November 6, 2013
Senior Exercise Program Reduces Pain, Fatigue
Brett Smith for redOrbit.com – Your Universe Online
Asian-American seniors living in New York City are feeling the benefits of a new exercise program that has helped decrease physical pain, boost mobility and improve the overall health of many participants, according to a new study by the Hospital for Special Surgery.
The study, which was presented at the American Public Health Association Annual Meeting on Tuesday in Boston, focused on a specific older Asian population in New York City that grew by 64 percent from 2000 to 2010. One in four of these seniors lived in poverty in 2010, according to study researchers.
"This population is at risk for osteoarthritis and osteoporosis," said Laura Robbins, senior vice president of Education and Academic Affairs at HSS. "They are more than twice as likely to have no health insurance coverage compared to other major race and ethnic groups. Cultural and linguistic barriers limit access to healthcare services."
To address the health of this population, HSS developed the Asian Community Bone Health Initiative, a series of bilingual education and exercise classes. Six eight-week sessions of the Arthritis Foundation Exercise Program (AFEP) and three eight-week yoga classes were held by bilingual instructors at four senior centers in Chinatown and Flushing, Queens. The program also advocated self-management of arthritis and other conditions through exercise.
"Getting seniors to be active in any way will generally improve their quality of life and help them function better in their everyday activities," said Dr. Linda Russell, a rheumatologist at HSS, in a statement. "People believe that if you have arthritis you shouldn't exercise, but appropriate exercises actually help decrease pain."
The AFEP sessions consisted mainly of low-impact, chair-based exercises. The yoga classes featured simple, beginner-level yoga moves.
Almost 200 participants enrolled in the initiative between November 2011 and September 2013. A questionnaire was administered before and after the exercise classes to assess pain, function and other health indicators. Nearly 120 participants responded to the surveys.
The respondents, who were mostly females older than 65, typically reported their pain intensity fell and interfered less with their daily life. After completing the program, 48 percent fewer participants said they felt physical pain on a daily basis, 69 percent more participants could ascend several flights of stairs and 83 percent more participants said they could now bend, kneel, or stoop.

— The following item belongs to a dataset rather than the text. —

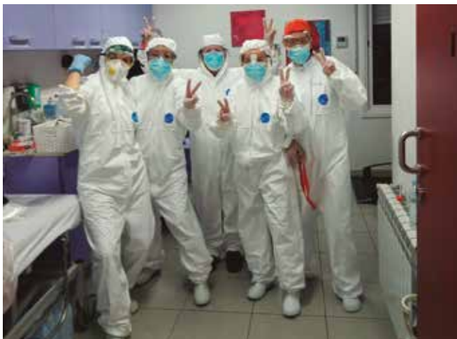
Professionals Casal Can Rull amb Equips de Protecció Individuals (EPI)

Intensificació i denúncia visible als mitjans de comunicació nacionals (RAC 1 i TV3) i locals posant de manifest la necessitat urgent de material de protecció tant a ATENDIS com del sector en general. En paral·lel, gestió molt intensa liderada per Junta i Patronat de l'entitat i de crida URGENT per aconseguir Material de Seguretat i Protecció. Impressionant resposta de donació de material (d'higiene, sanitari, de protecció, de seguretat) i gran xarxa de persones que han confeccionat material (mascaretes, gorros, mascaretes amb impressió 3D, pantalles protectores, etc.).

A significant number of respondents said the exercise initiative reduced their daily fatigue or stiffness.
"The study results indicate that the hospital's Bone Health Initiative has a positive impact on the musculoskeletal health of the Asian senior population," said Huijuan Huang, a program coordinator. "While further research is needed, HSS will continue to offer culturally-sensitive programs to this community to help seniors stay active, decrease pain and improve their overall health."
Another exercise program for seniors in the Spokane, Washington area is specifically working to reduce potentially dangerous falls.
Starting in early October, a local retirement community has been offering a program called Stay Active & Independent for Life (SAIL) that was developed as a result of a fall-prevention study conducted in Washington’s Spokane and Pierce counties.